What Your Personal Trainer Won't Tell You
She’s the woman you love to hate the most, but she’s also the one pushing you harder than anyone else toward that goal. The relationship with a personal trainer is a unique and special one, and clients either soar or break under their tutelage. For every tidbit of insight and encouragement your trainer offers you, there’s something she’s holding back.
Pamela Hernandez, a certified personal trainer and health coach, recently published a really insightful piece on her blog at ThriveFit. She is regularly faced with clients who complain, “You make it look so easy!” She usually says “Because I’ve had more practice.” What she wants to say but leaves out to those bewildered clients, “I have to make it look easy so you don’t start doubting my ability or yours.” She plans workouts in advance and tries new stuff several times on herself until she’s got it and trusts that she can properly show you. You’ll get it too…with practice!
We talked with a few trainers who keep a few things to themselves during those sweat sessions. Whether to maintain the relationship, your respect of their position, a level of professionalism, or to not insult, offend, or scare you away, these personal trainers know when to keep their mouths shut!
“I think I am going to give the high protein diet a try,” said one of Valerie Orsoni’s clients to her. A wellness expert and founder of LeBootcamp, Valerie says she knew what the outcome would be for her client, recognizing that rapid weight loss with an equal or better regain were in the cards.
“I had already told her several times not to,” recounts Valerie, who this time didn’t say a word. “I let her do it for ten days, and then we looked at the situation and she realized, had I said something at first, she might have wanted to ‘win the fight’ and might have done it on a longer period of time.”
Lauren Martin, a NESTA personal trainer, will never lie about your progress just to make you feel better. If you ask and she answers, know it’s the honest truth, even if you don’t want to hear it. She’ll also never compare you to another client. Like most trainers, Martin believes in positive reinforcement; and she’s certainly not going to downplay another client’s efforts to boost yours (or talk yours down to someone else).

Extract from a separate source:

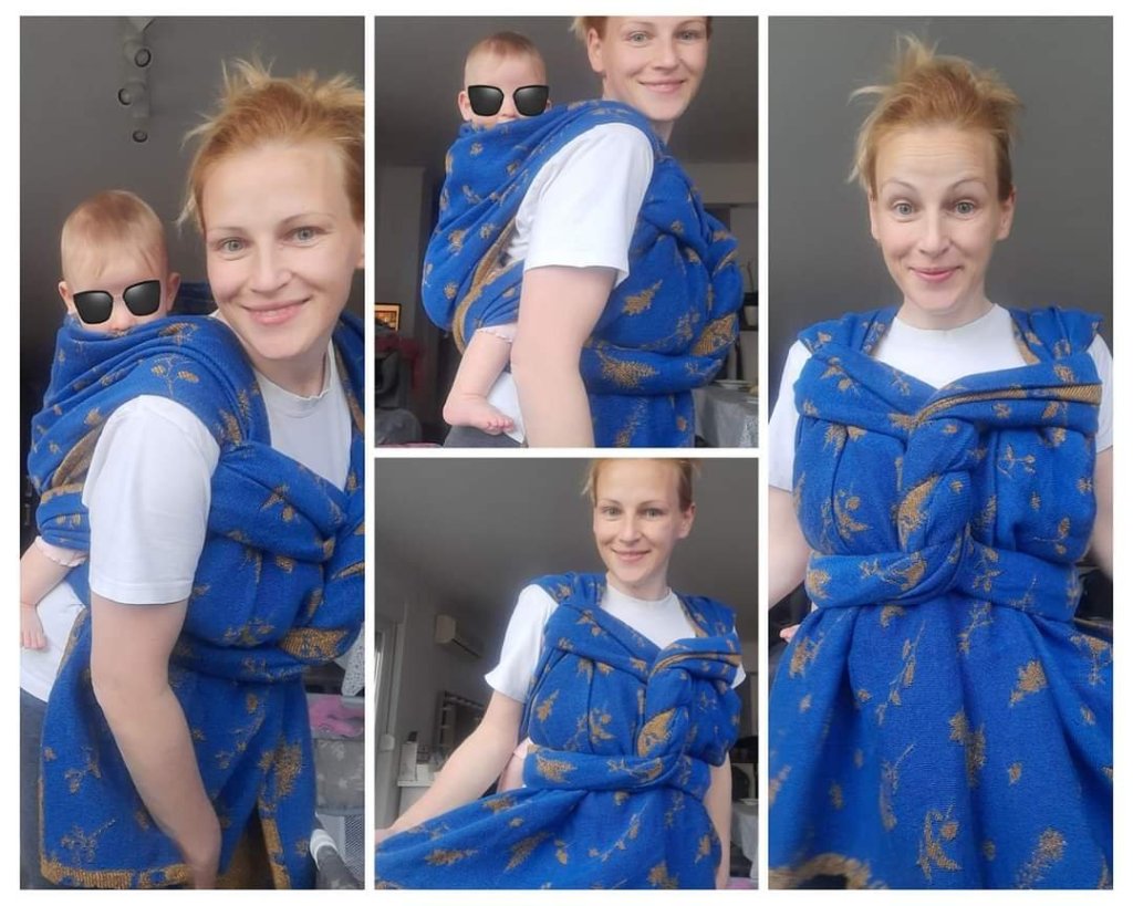 Thanks to Lena’s traveling carriers and Luluna slings I had the opportunity to test Luluna Golden Herbs woven wrap in size 7. This wrap was comfortable and supportive for my toddler, cushy on the shoulders. It is among thicker wraps with but ballanced with little more glide. Due to the type of weft, it is quite easy to make pulls and also I liked more blue side.

“Shut up. You’re wrong,” is bubbling just under the surface for Byron E. Hall, III, a district fitness manager for Portland Sport and Spa who holds a half dozen varied national fitness certifications. He’d never tell you that you need to remember that your trainer is “untangling years of bad information and habits in order to help you work smarter not harder, and we only have a few hours a week to do so.” So listen up. You’re paying him and trainers like him good money to get their expertise. You wouldn’t second guess your cardiothoracic surgeon based on what you scraped together from a few health talk shows, so don’t second guess your trainer based on an infographic from a fitness mag site.
His other dirty secret? “We eat like [garbage], too!” Yep it’s true. He may have told you to skip the dressing-soaked Caesar, but he did it with a burger and fries on his breath. “We just know that our usual healthy eating habits and consistent workout routines will easily offset that massively calorie dense lunch, and we’re pretty sure that’s the last thing you wanna hear!,” he said.
Pamela is right there with him, owning up to enjoying homemade ice cream on her birthday![insert shock and horror!!] “A client made a comment about how on my birthday I probably celebrated with hummus and vegetables.” Yeah right! Ice cream fits in with the 80/20 rule she lives by and prescribes to her clients. “I practice what I preach because it makes me feel good.”